Using the material below, print a verbatim copy of every line from the one containing "贝币×330000、低频啸叫" through the one containing "En Saison Lorena Cotton V-Neck Midi-Dress", inclusive, and omit the pictures.

■ **RECORD EXTRACTS**

----------------

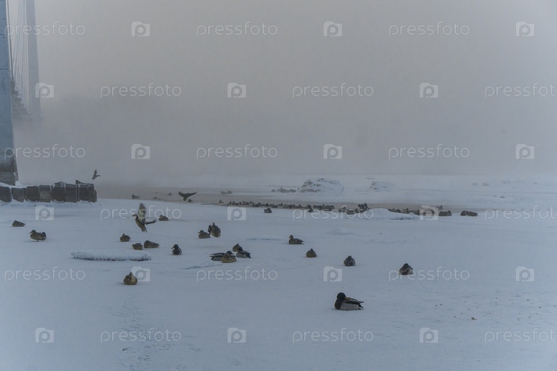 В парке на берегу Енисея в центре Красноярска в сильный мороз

----------------

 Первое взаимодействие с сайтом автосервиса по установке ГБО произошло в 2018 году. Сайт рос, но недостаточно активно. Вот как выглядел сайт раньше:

----------------

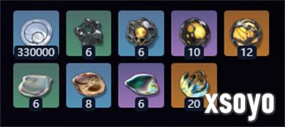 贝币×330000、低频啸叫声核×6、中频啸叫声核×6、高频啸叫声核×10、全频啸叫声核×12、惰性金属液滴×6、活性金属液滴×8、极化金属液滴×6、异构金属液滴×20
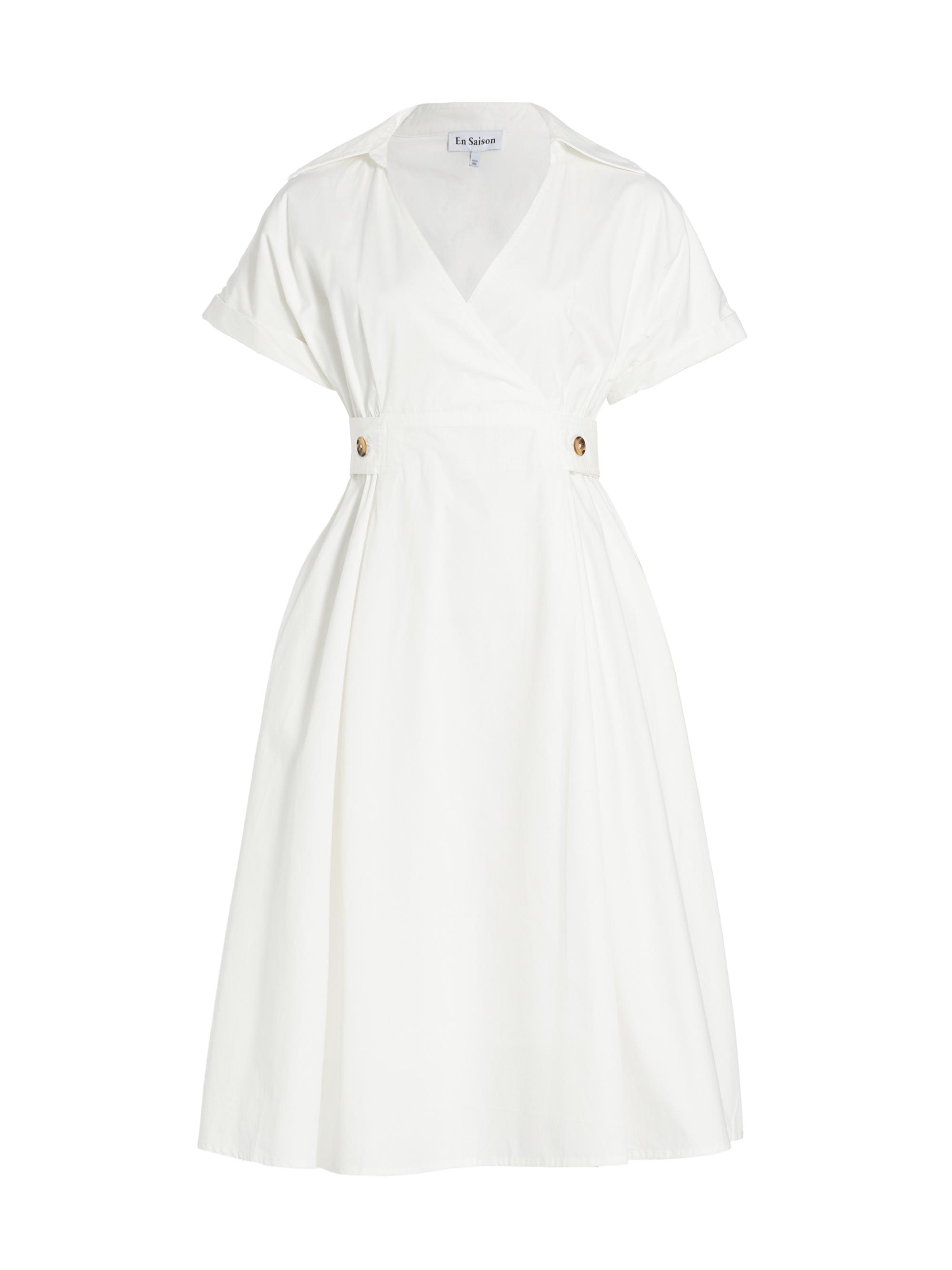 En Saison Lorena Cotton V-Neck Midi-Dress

----------------

■ **OUTPUT OF THE EXERCISE**
 贝币×330000、低频啸叫声核×6、中频啸叫声核×6、高频啸叫声核×10、全频啸叫声核×12、惰性金属液滴×6、活性金属液滴×8、极化金属液滴×6、异构金属液滴×20
 En Saison Lorena Cotton V-Neck Midi-Dress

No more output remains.